Exercise: Nothing but the lines from the start of the entries below through the line containing "本网讯(信息技术学院 马士君" should appear in the answer, copied exactly and free of pictures.
─── Data section
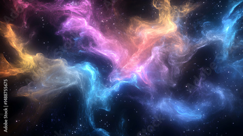 Colorful Cosmic Nebula in Deep Space with Stars and Gas Clouds
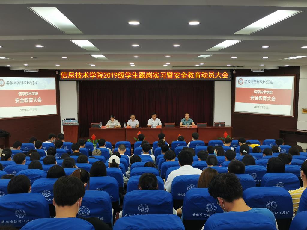 本网讯(信息技术学院 马士君)6月9日下午2:30,信息技术学院在图书馆报告厅召开了2019级学生跟岗实习暨安全教育动员大会。校党委委员、学院院长黄存东、学院党总支书记孙武、副书记杨庆颖、教学秘书李剑峰、19级各班班主任和2019级学生参加了此次大会。大会由杨庆颖主持。
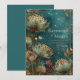 Step into a world of ethereal magic with this breathtaking celestial botanical design. The background is a rich, moody tapestry of deep emerald and teal watercolor, filled with shimmering stardust and soft, glowing bokeh lights that create a sense of infinite depth. Large, luminous Astrantia-inspired blooms take center stage, featuring intricate golden veining and delicate cream-to-peach centers that seem to radiate light from within. A sophisticated double-line gold border with decorative corners frames the scene, providing a touch of vintage luxury. The combination of deep nocturnal tones and brilliant gilded accents creates a romantic, otherworldly vibe perfect for a high-end celebration. This design is the premier choice for a starlit winter solstice ceremony, a moody celestial garden wedding, or a formal evening gala held under the stars. It is particularly well-suited for couples planning a "midnight garden" theme or a fantasy-inspired wedding where deep jewel tones and metallic accents are central to the decor. The atmospheric lighting in the design makes it a perfect match for candlelit receptions or events in architectural venues with dramatic lighting.
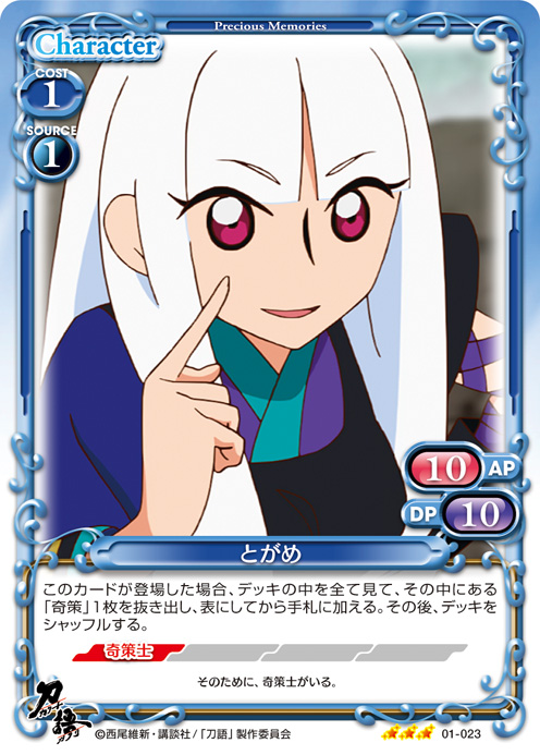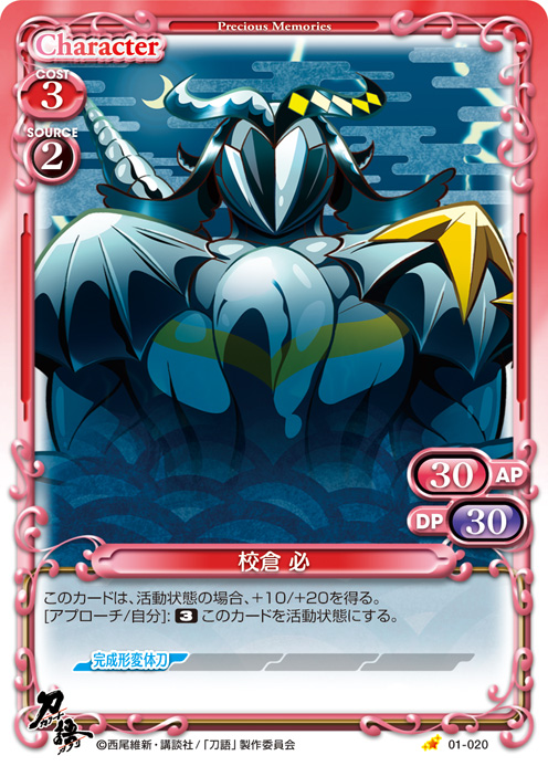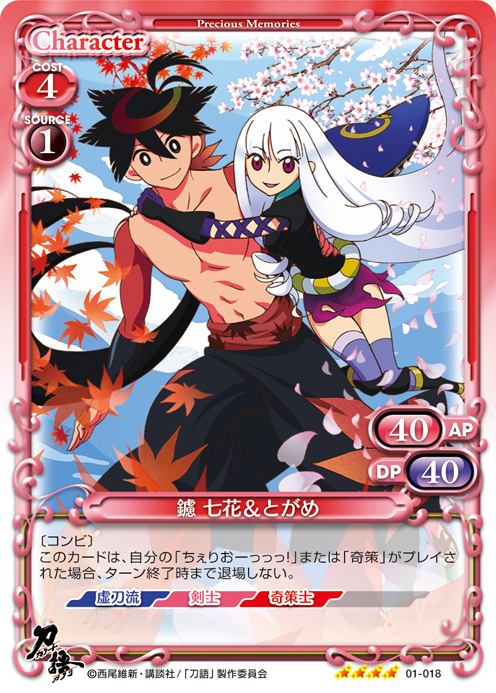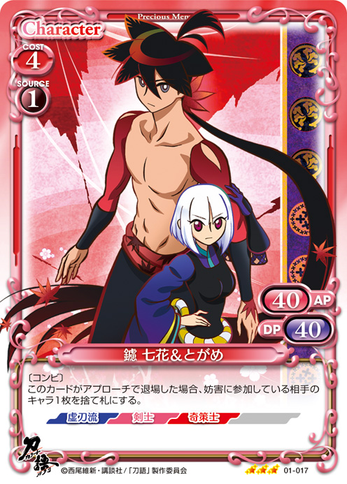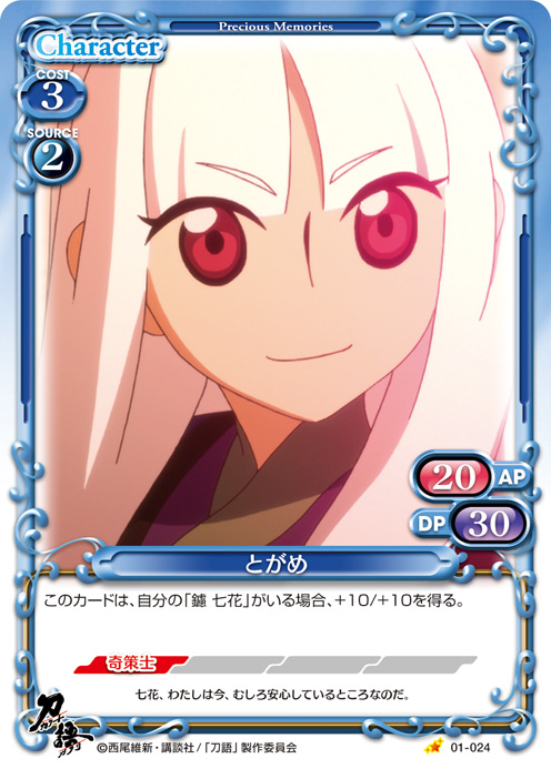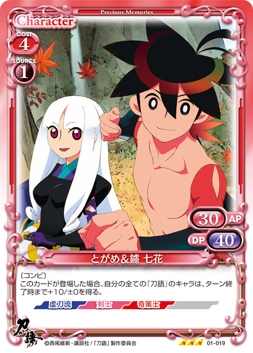| 〔コンビ〕 このカードが登場した場合、自分の全ての『刀語』のキャラは、ターン終了時まで+10/±0を得る。 | ||
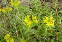 垂盆草别名石头菜、狗牙瓣、豆瓣菜等,为景天科景天属的多年生草本植物。不育枝及花茎细,匍匐而节上生根,直到花序之下;3叶轮生,叶倒披针形至长圆形,先端近急尖,基部急狭,有距;聚伞花序,花无梗,…全部>>
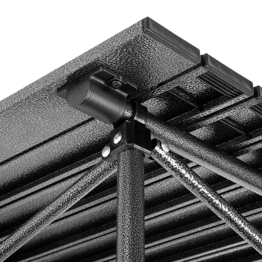 Стільниця виконана з алюмінію, стійкого до вологи та перепадів температур. Каркас виготовлений з сталі, а шість опор з перемичками забезпечують хорошу стійкість навіть на нерівній поверхні.
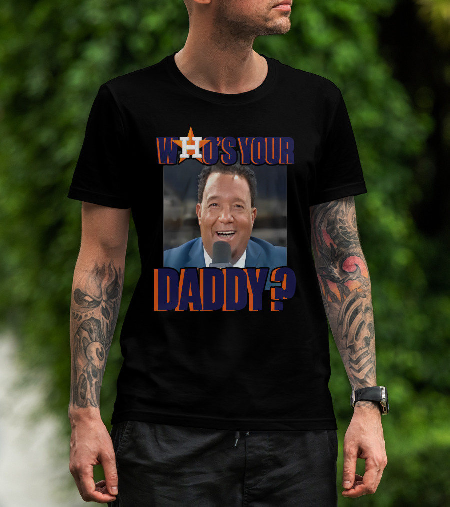 The Houston Astros Who's Your Daddy? T-shirt is designed for everyday wear and a consistent fit. Fabric is pre-shrunk ring-spun cotton with durable stitching. See the size chart below for exact measurements.
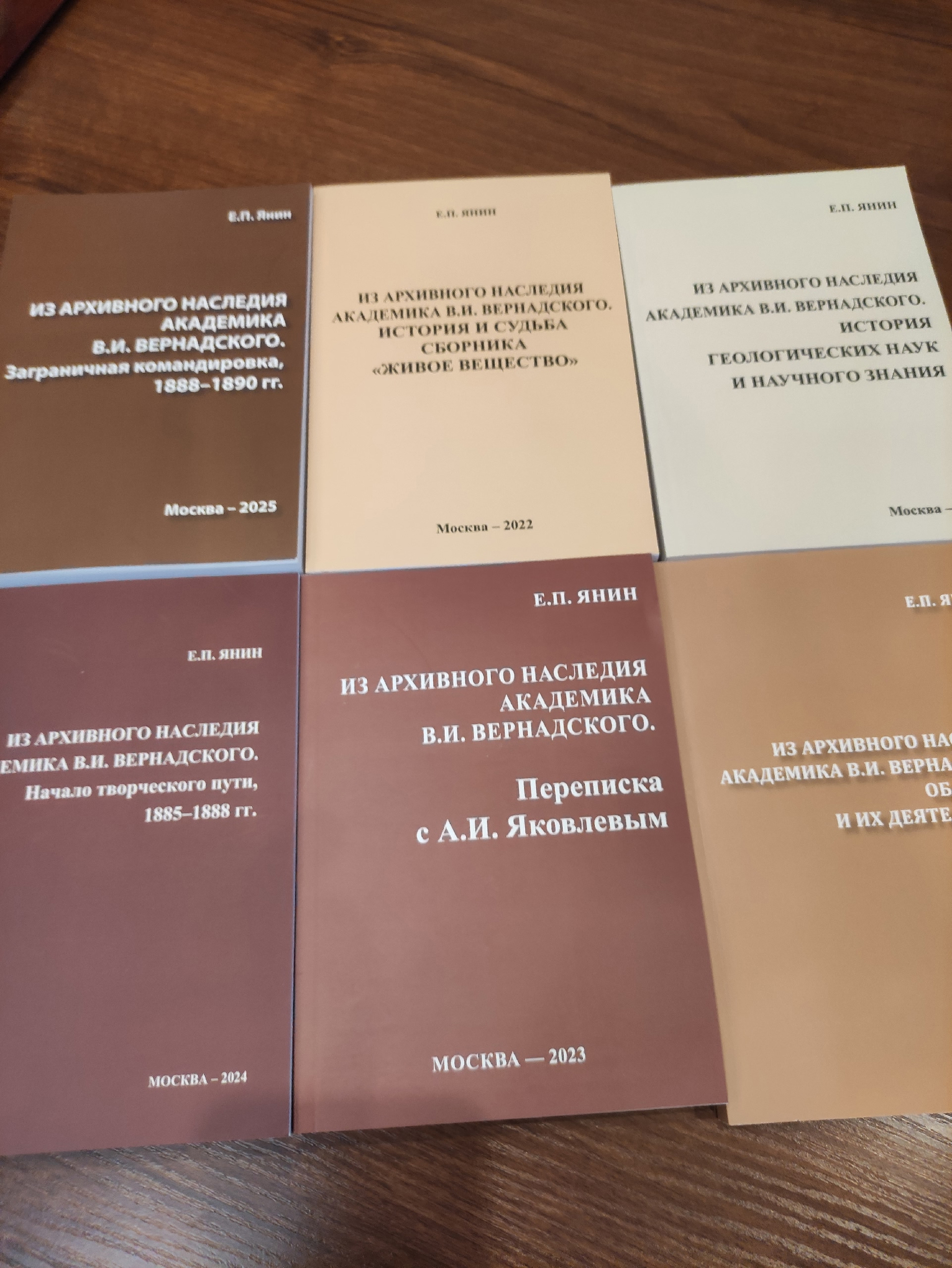 Благодаря подвижнической деятельности московского ученого, кандидата геолого-минералогических наук, руководителя Группы «Научное наследие В.И. Вернадского и его школы» Евгения Петровича Янина научно-вспомогательная библиотека Музея истории Крымского федерального университета им. В. И. Вернадского пополнилась уникальным собранием трудов ученого, посвященных различным периодам жизни академика В. И. Вернадского.
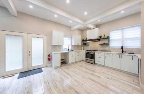 Spacious 6BR home just 30 mins from NYC! Enjoy a private backyard with a large pool, fire pit, hammock, BBQ grill, and shaded deck. Two master suites with ensuite baths, plus 4 more bedrooms—perfect for families & groups. Features include a full kitchen, Smart TVs, pool table, kids’ desk, and workstation. Walk to shops & dining, near parks, malls, and trains. Fun, comfort & location all in one!
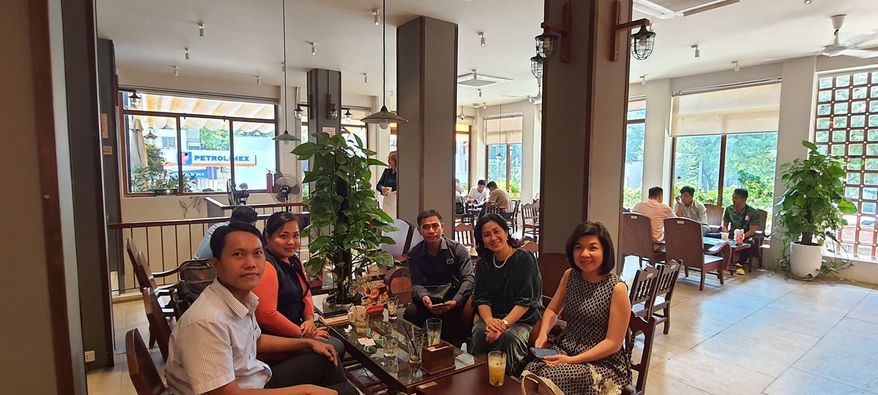 Sáng nay, An có lịch cà phê với BĐH CLB MABC: Mrs. Tú Anh, Mrs. Phương, Mr. Công
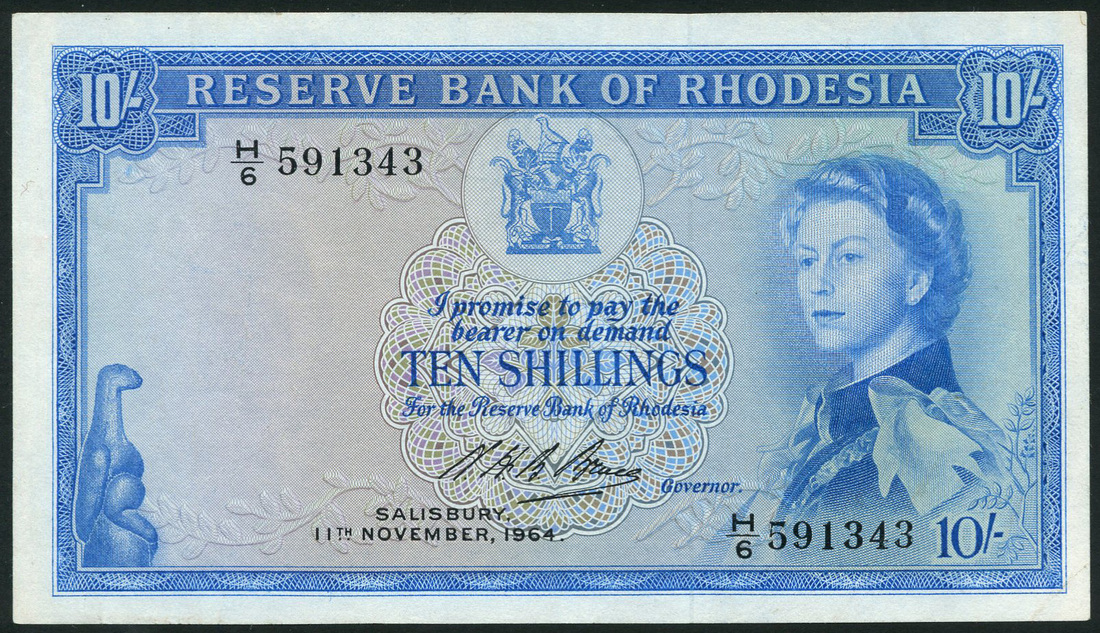 Reserve Bank of Rhodesia, 10/-, 11 November 1964, serial number H/6 591343, blue on multicolour underprint, Elizabeth II at right, arms at top centre, Zimbabwe Bird at low left
──────
Response to the exercise:
 Colorful Cosmic Nebula in Deep Space with Stars and Gas Clouds
 本网讯(信息技术学院 马士君)6月9日下午2:30,信息技术学院在图书馆报告厅召开了2019级学生跟岗实习暨安全教育动员大会。校党委委员、学院院长黄存东、学院党总支书记孙武、副书记杨庆颖、教学秘书李剑峰、19级各班班主任和2019级学生参加了此次大会。大会由杨庆颖主持。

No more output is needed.